Radiographic and endoscopic measurements of esophageal length in pediatric patients.

作者信息

Yang Grace S, Bishop Warren P, Smith Brian J, Goudy Steven L, Sato Yutaka, Bauman Nancy M

机构信息

Department of Otolaryngology-Head and Neck Surgery University of Iowa, 200 Hawkins Dr, Iowa City, IA 52242, USA.

出版信息

Ann Otol Rhinol Laryngol. 2005 Aug;114(8):587-92. doi: 10.1177/000348940511400802.

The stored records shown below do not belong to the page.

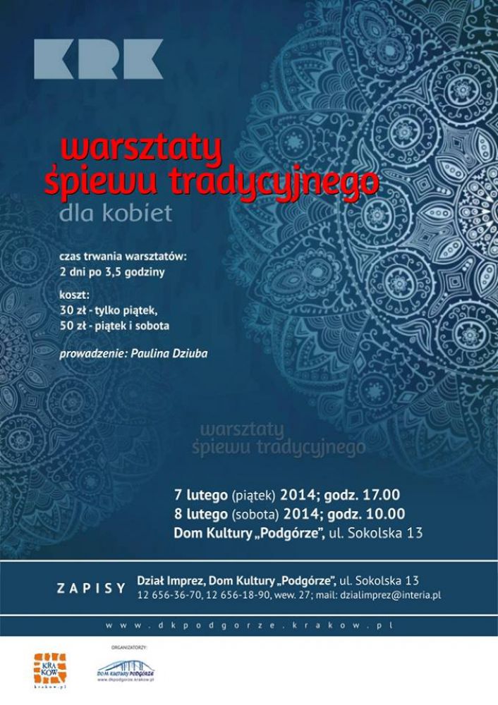 W DK Podgórze odbędzie się spotkanie ze œpiewem tradycyjnym (zwanym białym). Ta technika œpiewu naturalnego, pełnym głosem - charakterystyczna dla pieœni ludowych, daje niesamowite możliwoœci ekspresji i emisji głosu.
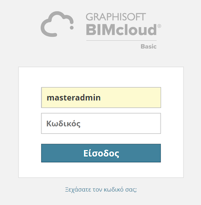 Το όνομα εισόδου του Γενικού Διαχειριστή είναι: masteradmin. Ο κωδικός ορίστηκε κατά την εγκατάσταση του server, στον διαμορφωτή BIMcloud Manager. Εάν έχετε ξεχάσει τον κωδικό, τότε τρέξτε πάλι τον Διαμορφωτή του BIMcloud Manager και ορίστε έναν νέο κωδικό.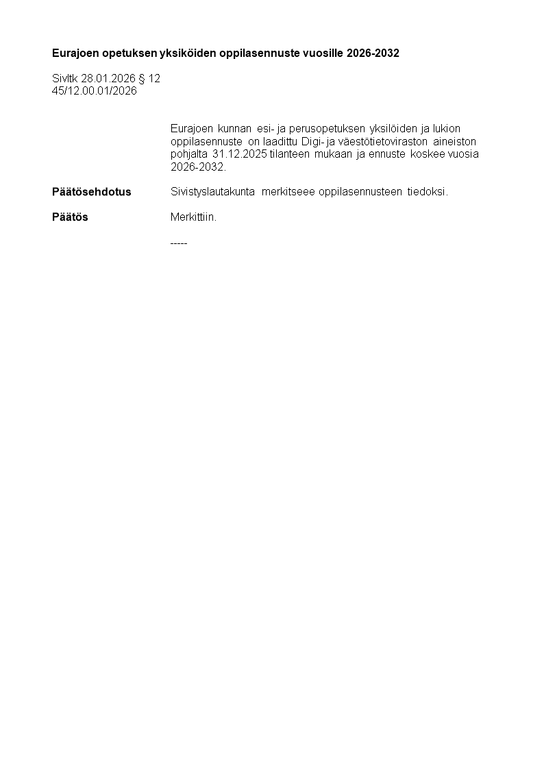 Pöytäkirja 28.01.2026/Pykälä 12

DOI:10.1177/000348940511400802
PMID:16190090
Abstract

OBJECTIVES

Knowledge of the length between the upper esophageal sphincter (UES) and the lower esophageal sphincter (LES) in pediatric patients is essential for intraluminal impedance and dual pH probe recordings.

METHODS

We measured the vertical distance between the true vocal cords (TVCs) and the LES in chest x-rays (CXRs) of 118 children (ages, 6 weeks to 13 years) and measured the vertical distance between the UES and the LES during endoscopy in 31 patients (ages, 14 months to 17 years) and correlated the measurements to height, weight, and age.

RESULTS

Esophageal length correlated best with patient height (R = 0.96 by CXR, R = 0.88 by endoscopy) and less well with weight (R = 0.87, R = 0.67) and age (R = 0.94, R = 0.86). Linear regression analyses using radiographic measurements revealed that esophageal length (TVC to LES) can be estimated from a patient's height by the following equation: 1.048 + 0.167 x height (in centimeters). With the upper pH probe placed in the hypopharynx at the TVC level and the inferior probe placed in the esophagus 3 to 6 cm above the LES, the patients were divided into 6 groups corresponding to the currently available number of sizes of dual pH-impedance probes. With the patients' heights between 71.5 and 161.3 cm, 64.7% to 100% of patients were within 1 cm of the desired location with preselected probes. Confirmation of placement was performed with CXR.

CONCLUSIONS

A pediatric patient's height can be used to estimate the esophageal length (TVC to LES) and facilitate the selection of dual pH-impedance probes. Our method decreases the risk of morbidity while increasing the accuracy of the study of extraesophageal reflux disease.

摘要

目的

了解小儿患者上食管括约肌(UES)与下食管括约肌(LES)之间的长度对于腔内阻抗和双pH探头记录至关重要。

方法

我们在118名儿童(年龄6周至13岁)的胸部X线片(CXR)中测量了真声带(TVC)与LES之间的垂直距离,并在31名患者(年龄14个月至17岁)的内镜检查期间测量了UES与LES之间的垂直距离,并将测量结果与身高、体重和年龄进行关联。

结果

食管长度与患者身高的相关性最佳(CXR测量的R = 0.96,内镜检查的R = 0.88),与体重(R = 0.87,R = 0.67)和年龄(R = 0.94,R = 0.86)的相关性稍弱。使用放射学测量进行的线性回归分析显示,食管长度(TVC至LES)可通过以下公式根据患者身高进行估计:1.048 + 0.167×身高(以厘米为单位)。将上部pH探头置于下咽的TVC水平,下部探头置于LES上方3至6厘米的食管中,根据目前可用的双pH阻抗探头尺寸数量将患者分为6组。患者身高在71.5至161.3厘米之间时,64.7%至100%的患者使用预选探头时位于所需位置的1厘米范围内。通过CXR确认探头位置。

结论

小儿患者的身高可用于估计食管长度(TVC至LES),并有助于双pH阻抗探头的选择。我们的方法降低了发病风险,同时提高了食管外反流疾病研究的准确性。